### TASK ITEM
The reply is a verbatim copy of the listing below with its images dropped.

_ _ _ _ _

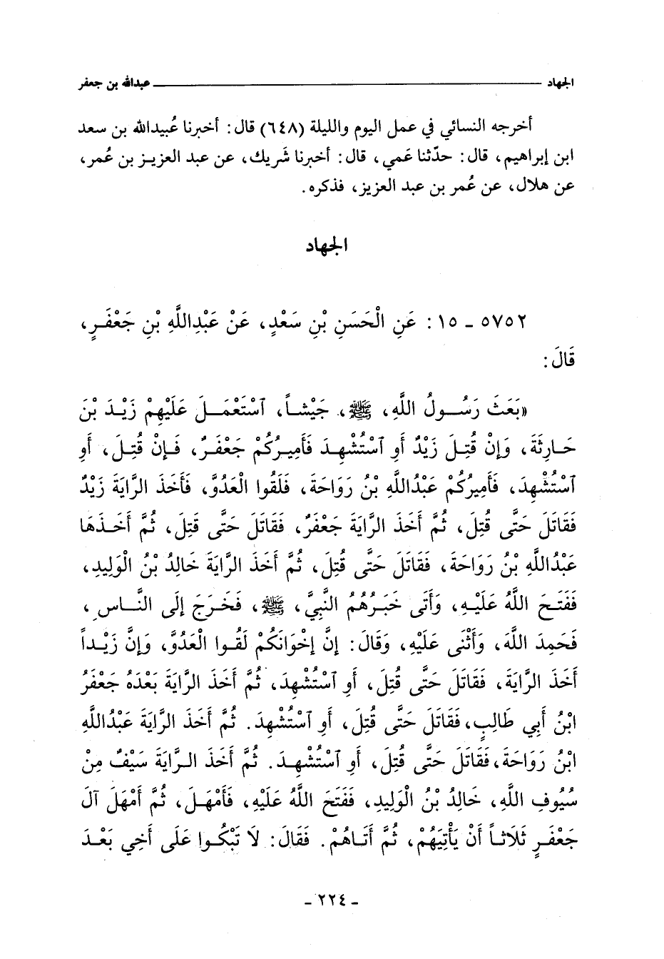 بَعَثَ رَسُولُ اللَّهِ صلى الله عليه وسلم جَيْشًا اسْتَعْمَلَ عَلَيْهِمْ زَيْدَ بْنَ حَارِثَةَ وَقَالَ فَإِنْ قُتِلَ زَيْدٌ أَوِ اسْتُشْهِدَ فَأَمِيرُكُمْ جَعْفَرٌ فَإِنْ قُتِلَ أَوِ اسْتُشْهِدَ فَأَمِيرُكُمْ عَبْدُ اللَّهِ بْنُ رَوَاحَةَ فَلَقُوا الْعَدُوَّ فَأَخَذَ الرَّايَةَ زَيْدٌ فَقَاتَلَ حَتَّى قُتِلَ ثُمَّ أَخَذَ الرَّايَةَ جَعْفَرٌ فَقَاتَلَ حَتَّى قُتِلَ ثُمَّ أَخَذَهَا عَبْدُ اللَّهِ بْنُ رَوَاحَةَ فَقَاتَلَ حَتَّى قُتِلَ ثُمَّ أَخَذَ الرَّايَةَ خَالِدُ بْنُ الْوَلِيدِ فَفَتَحَ اللَّهُ عَلَيْهِ وَأَتَى خَبَرُهُمُ النَّبِىَّ صلى الله عليه وسلم فَخَرَجَ إِلَى النَّاسِ فَحَمِدَ اللَّهَ وَأَثْنَى عَلَيْهِ وَقَالَ إِنَّ إِخْوَانَكُمْ لَقُوا الْعَدُوَّ وَإِنَّ زَيْدًا أَخَذَ الرَّايَةَ فَقَاتَلَ حَتَّى قُتِلَ أَوِ اسْتُشْهِدَ ثُمَّ أَخَذَ الرَّايَةَ بَعْدَهُ جَعْفَرُ بْنُ أَبِى طَالِبٍ فَقَاتَلَ حَتَّى قُتِلَ أَوِ اسْتُشْهِدَ ثُمَّ أَخَذَ الرَّايَةَ عَبْدُ اللَّهِ بْنُ رَوَاحَةَ فَقَاتَلَ حَتَّى قُتِلَ أَوِ اسْتُشْهِدَ ثُمَّ أَخَذَ الرَّايَةَ سَيْفٌ مِنْ سُيُوفِ اللَّهِ خَالِدُ بْنُ الْوَلِيدِ فَفَتَحَ اللَّهُ عَلَيْهِ فَأَمْهَلَ ثُمَّ أَمْهَلَ آلَ جَعْفَرٍ ثَلَاثًا أَنْ يأتيهُمْ ثُمَّ أَتَاهُمْ فَقَالَ لَا تَبْكُوا عَلَى أَخِى بَعْدَ
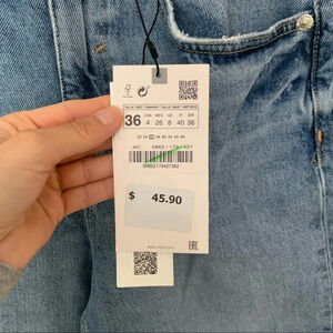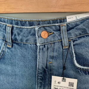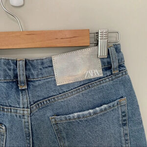 NWT Zara Distressed Knees Rigid Denim Light Wash Mom Jean Size 4
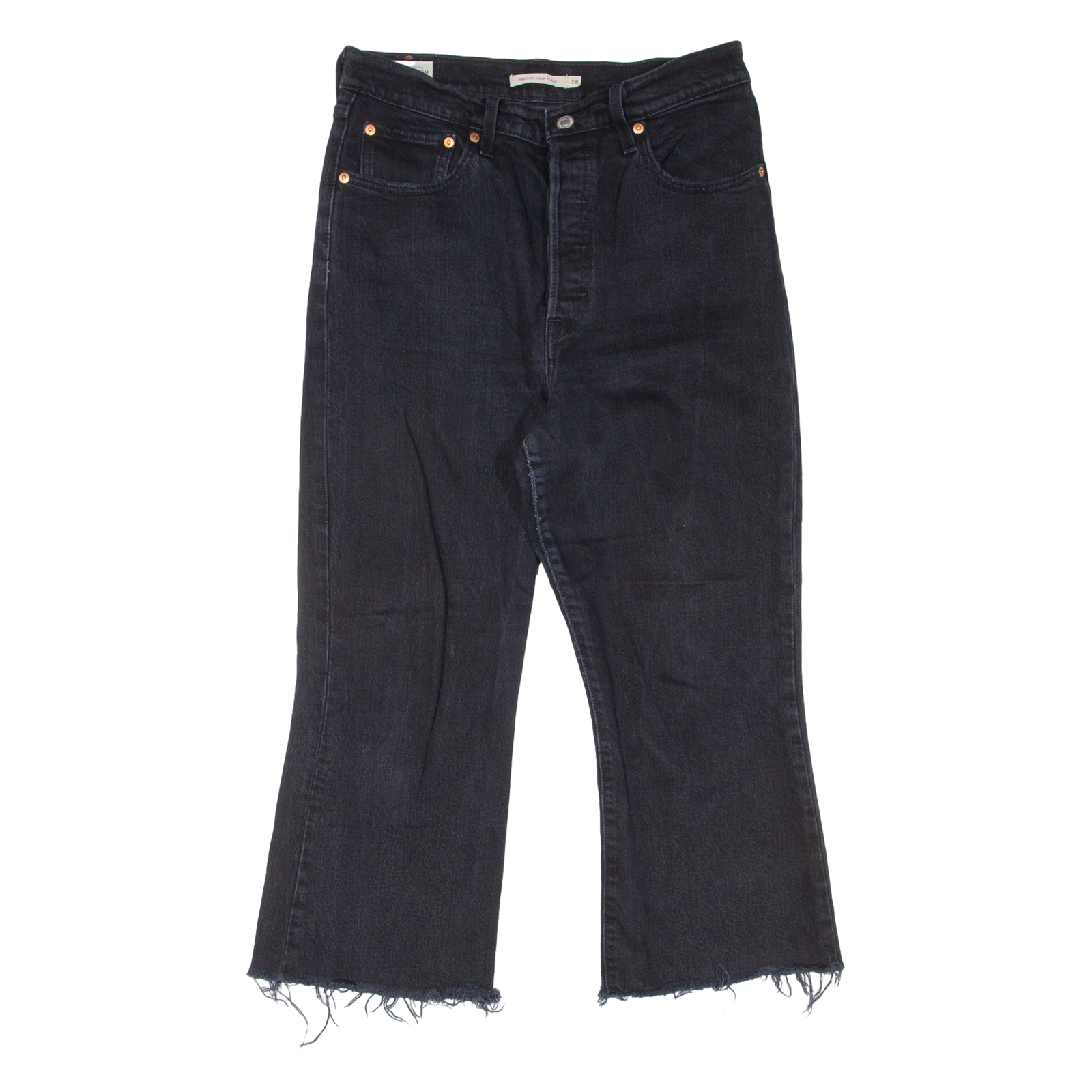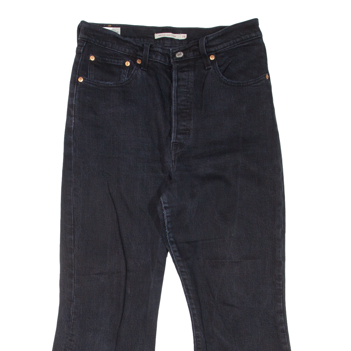 LEVI'S Rib Cage Crop BIG E Womens Jeans Black Regular Flared W28 L22
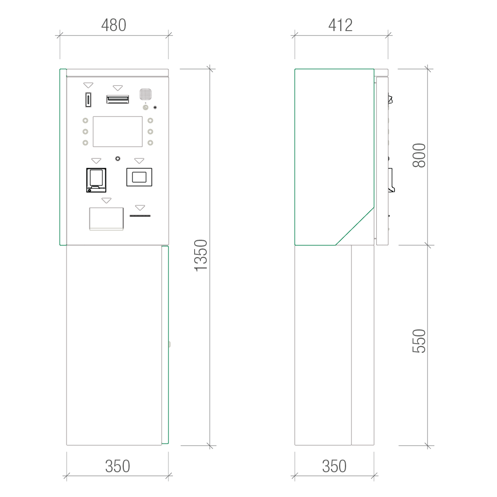 To je automatska kasa namenjena beskontaktnoj naplati parkinga, koja omogućava plaćanje kako gotovinom, tako i beskontaktno.
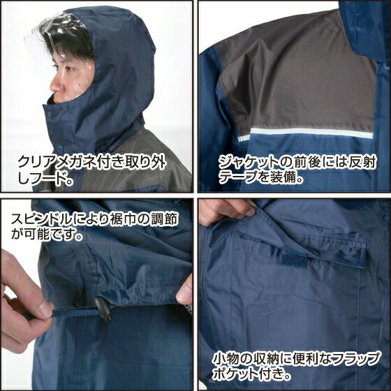 顔周りは視界を確保するため、フードを一部クリアタイプにしました。フードは取り外しできるので用途に合わせて使用できます。ジャケットの前後には反射テープがつているので、夜間の視認性も確保。パンツ裾はスナップボタンで幅を調節できるので、不要なバタつきを抑えられて安全です。
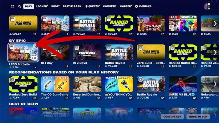 Mọi người LEGO Fortnite có thể tìm thấy LEGO Fortnite trên trang Discover bên dưới màn hình sảnh chính, trong danh sách phát By Epic.
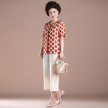 南极人 中老年女装妈妈装2020夏季新款中年人洋气减龄波点短袖上衣 N3-NRE411-A901-红色圆点(上衣) 2XL(建议116-126斤) |
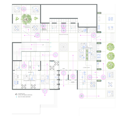 Emerging from a global pandemic, the hotel of tomorrow sets a new stage for the modern traveler, rethinking the way they discover, interact with, and move throughout the space. Bringing the 6X6 foot socially-distant metric directly into the aesthetic of the design, The Refined Module enables a sense of well-being and connection through the context of building materials. Guests subconsciously perceive the flow of the space through visual queueing in the floors and ceilings, contemporary material palettes and lighting. The Refined Module eliminates temporary applications of distancing measures as the future unfolds, instead providing long-term design integrity by breathing new life into existing materials that can be applied to brand standards across all levels of hotels.
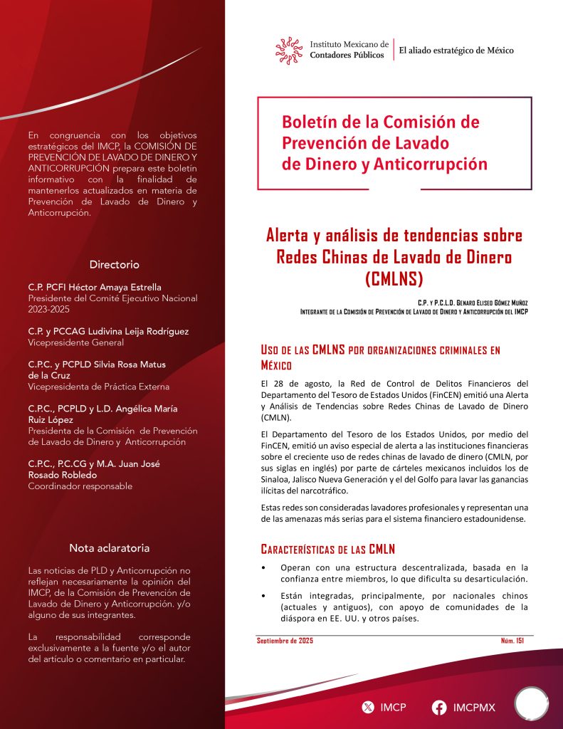 El 28 de agosto, la Red de Control de Delitos Financieros del Departamento del Tesoro de Estados Unidos (FinCEN) emitió una Alerta y Análisis de Tendencias sobre Redes Chinas de Lavado de Dinero (CMLN).
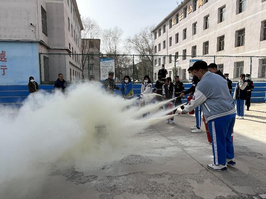 消防队讲解员为全体师生讲解了干粉灭火器和消防水带的使用方法,师生们认真观看了使用步骤,部分师生参与了现场操作。
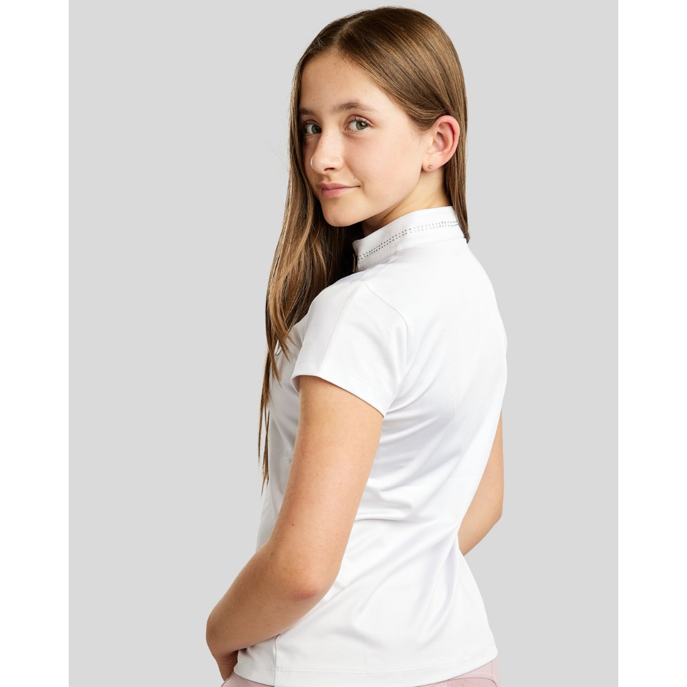 Klasyczny biały kolor w połączeniu z pięknymi, błyszczącymi kamieniami nadaje koszulce elegancki i zatwierdzony na zawody wygląd. Idealna dla młodego jeźdźca, który pragnie odrobiny blasku bez kompromisów w funkcjonalności.
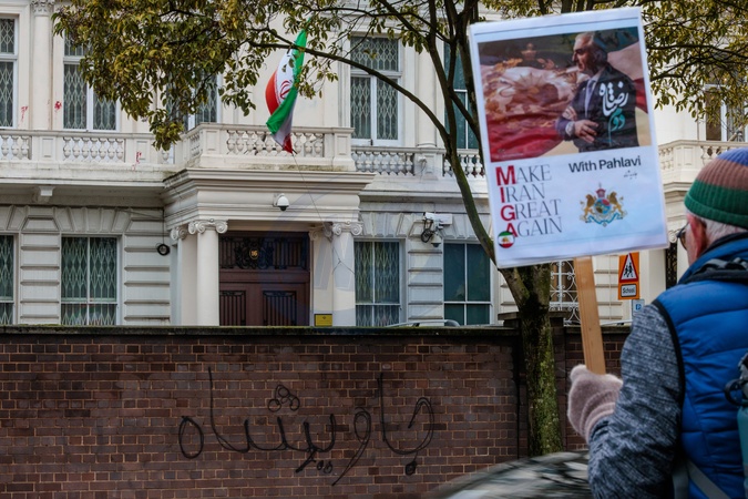 Iranian Embassy, London, UK. 9th January 2026.Graffiti in Farsi in front of the Iranian embassy in London translates to 'Javid Shah' (Long Live the King) ahead of a rally in a show of unity and solidarity with the protestors in Iran.The Iranian monarchists are calling for a free and democratic Iran and the return of Pahlavi., Credit:Photo by Amanda Rose / Avalon
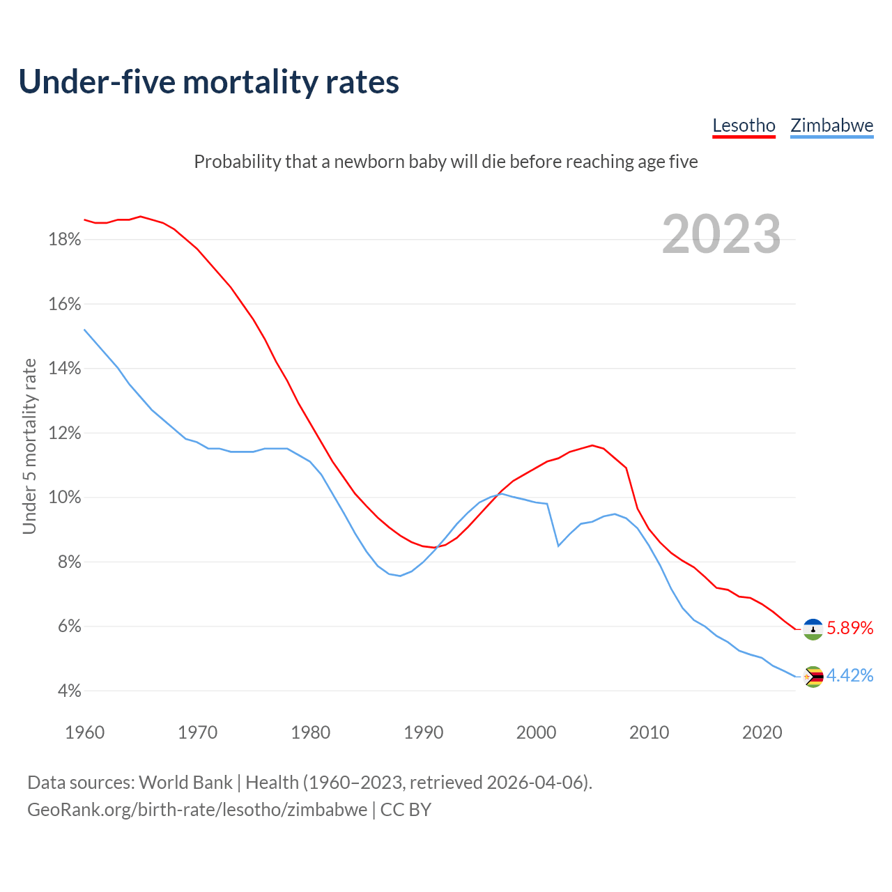 The chance that a newborn baby will die before reaching age five is 5.89% in Lesotho and 4.42% in Zimbabwe. Above is a chart with historical data on under-five mortality rates.
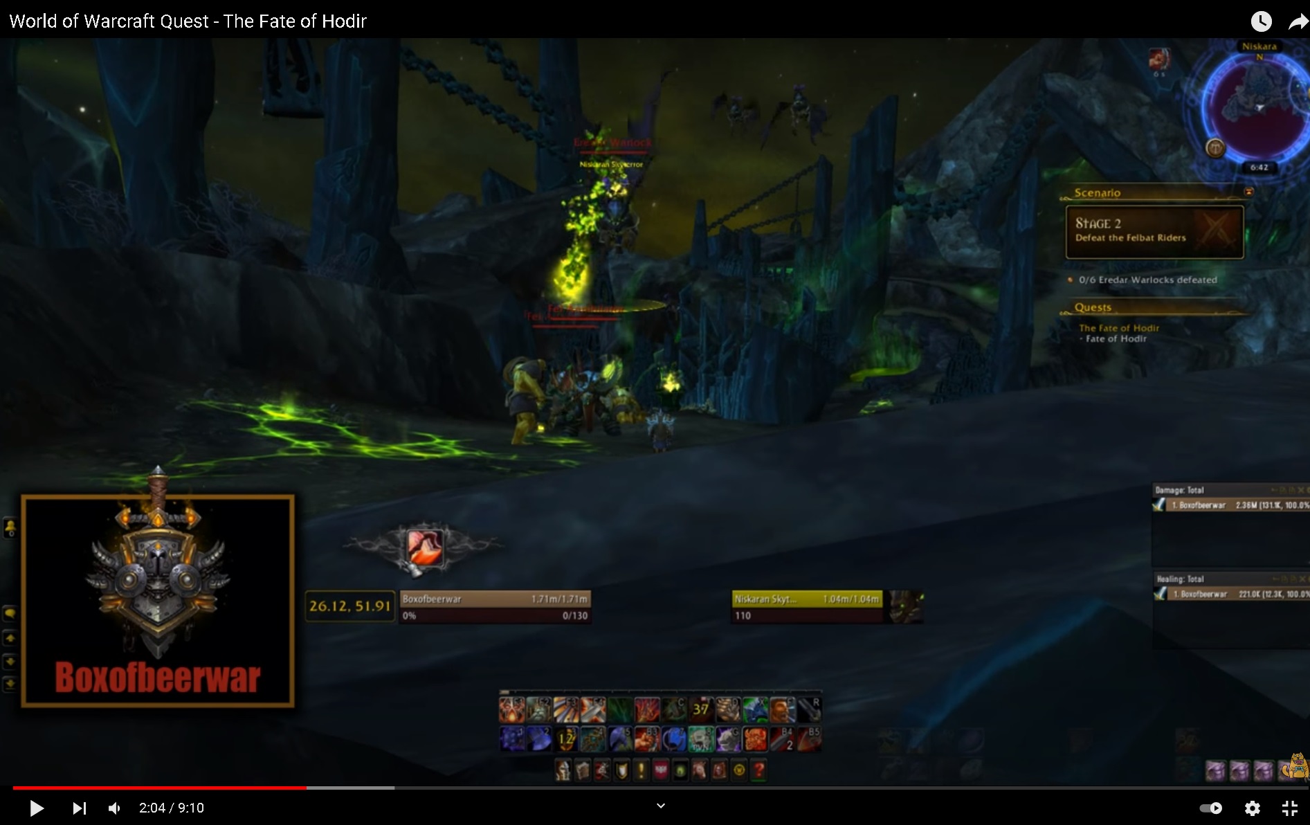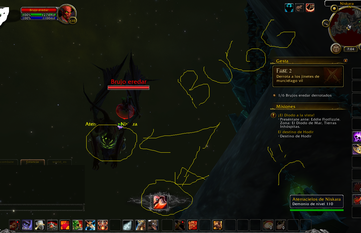 Use Leap on Felbat to jump onto felbat and slay warlock that rides it. Then target another one and repeat. Be sure you targeted a felbat instead of warlock to be able to use Leap on Felbat. from comment https://www.wowhead.com/quest=42974/the-fate-of-hodir#comments:id=2477551 Pay special attention - in video 2.04, the target is the mount, not the rider. You have a rider in your target (on your screen). |

_ _ _ _ _

### EXERCISE SOLUTION
 بَعَثَ رَسُولُ اللَّهِ صلى الله عليه وسلم جَيْشًا اسْتَعْمَلَ عَلَيْهِمْ زَيْدَ بْنَ حَارِثَةَ وَقَالَ فَإِنْ قُتِلَ زَيْدٌ أَوِ اسْتُشْهِدَ فَأَمِيرُكُمْ جَعْفَرٌ فَإِنْ قُتِلَ أَوِ اسْتُشْهِدَ فَأَمِيرُكُمْ عَبْدُ اللَّهِ بْنُ رَوَاحَةَ فَلَقُوا الْعَدُوَّ فَأَخَذَ الرَّايَةَ زَيْدٌ فَقَاتَلَ حَتَّى قُتِلَ ثُمَّ أَخَذَ الرَّايَةَ جَعْفَرٌ فَقَاتَلَ حَتَّى قُتِلَ ثُمَّ أَخَذَهَا عَبْدُ اللَّهِ بْنُ رَوَاحَةَ فَقَاتَلَ حَتَّى قُتِلَ ثُمَّ أَخَذَ الرَّايَةَ خَالِدُ بْنُ الْوَلِيدِ فَفَتَحَ اللَّهُ عَلَيْهِ وَأَتَى خَبَرُهُمُ النَّبِىَّ صلى الله عليه وسلم فَخَرَجَ إِلَى النَّاسِ فَحَمِدَ اللَّهَ وَأَثْنَى عَلَيْهِ وَقَالَ إِنَّ إِخْوَانَكُمْ لَقُوا الْعَدُوَّ وَإِنَّ زَيْدًا أَخَذَ الرَّايَةَ فَقَاتَلَ حَتَّى قُتِلَ أَوِ اسْتُشْهِدَ ثُمَّ أَخَذَ الرَّايَةَ بَعْدَهُ جَعْفَرُ بْنُ أَبِى طَالِبٍ فَقَاتَلَ حَتَّى قُتِلَ أَوِ اسْتُشْهِدَ ثُمَّ أَخَذَ الرَّايَةَ عَبْدُ اللَّهِ بْنُ رَوَاحَةَ فَقَاتَلَ حَتَّى قُتِلَ أَوِ اسْتُشْهِدَ ثُمَّ أَخَذَ الرَّايَةَ سَيْفٌ مِنْ سُيُوفِ اللَّهِ خَالِدُ بْنُ الْوَلِيدِ فَفَتَحَ اللَّهُ عَلَيْهِ فَأَمْهَلَ ثُمَّ أَمْهَلَ آلَ جَعْفَرٍ ثَلَاثًا أَنْ يأتيهُمْ ثُمَّ أَتَاهُمْ فَقَالَ لَا تَبْكُوا عَلَى أَخِى بَعْدَ
 NWT Zara Distressed Knees Rigid Denim Light Wash Mom Jean Size 4
 LEVI'S Rib Cage Crop BIG E Womens Jeans Black Regular Flared W28 L22
 To je automatska kasa namenjena beskontaktnoj naplati parkinga, koja omogućava plaćanje kako gotovinom, tako i beskontaktno.
 顔周りは視界を確保するため、フードを一部クリアタイプにしました。フードは取り外しできるので用途に合わせて使用できます。ジャケットの前後には反射テープがつているので、夜間の視認性も確保。パンツ裾はスナップボタンで幅を調節できるので、不要なバタつきを抑えられて安全です。
 Mọi người LEGO Fortnite có thể tìm thấy LEGO Fortnite trên trang Discover bên dưới màn hình sảnh chính, trong danh sách phát By Epic.
 南极人 中老年女装妈妈装2020夏季新款中年人洋气减龄波点短袖上衣 N3-NRE411-A901-红色圆点(上衣) 2XL(建议116-126斤) |
 Emerging from a global pandemic, the hotel of tomorrow sets a new stage for the modern traveler, rethinking the way they discover, interact with, and move throughout the space. Bringing the 6X6 foot socially-distant metric directly into the aesthetic of the design, The Refined Module enables a sense of well-being and connection through the context of building materials. Guests subconsciously perceive the flow of the space through visual queueing in the floors and ceilings, contemporary material palettes and lighting. The Refined Module eliminates temporary applications of distancing measures as the future unfolds, instead providing long-term design integrity by breathing new life into existing materials that can be applied to brand standards across all levels of hotels.
 El 28 de agosto, la Red de Control de Delitos Financieros del Departamento del Tesoro de Estados Unidos (FinCEN) emitió una Alerta y Análisis de Tendencias sobre Redes Chinas de Lavado de Dinero (CMLN).
 消防队讲解员为全体师生讲解了干粉灭火器和消防水带的使用方法,师生们认真观看了使用步骤,部分师生参与了现场操作。
 Klasyczny biały kolor w połączeniu z pięknymi, błyszczącymi kamieniami nadaje koszulce elegancki i zatwierdzony na zawody wygląd. Idealna dla młodego jeźdźca, który pragnie odrobiny blasku bez kompromisów w funkcjonalności.
 Iranian Embassy, London, UK. 9th January 2026.Graffiti in Farsi in front of the Iranian embassy in London translates to 'Javid Shah' (Long Live the King) ahead of a rally in a show of unity and solidarity with the protestors in Iran.The Iranian monarchists are calling for a free and democratic Iran and the return of Pahlavi., Credit:Photo by Amanda Rose / Avalon
 The chance that a newborn baby will die before reaching age five is 5.89% in Lesotho and 4.42% in Zimbabwe. Above is a chart with historical data on under-five mortality rates.
 Use Leap on Felbat to jump onto felbat and slay warlock that rides it. Then target another one and repeat. Be sure you targeted a felbat instead of warlock to be able to use Leap on Felbat. from comment https://www.wowhead.com/quest=42974/the-fate-of-hodir#comments:id=2477551 Pay special attention - in video 2.04, the target is the mount, not the rider. You have a rider in your target (on your screen). |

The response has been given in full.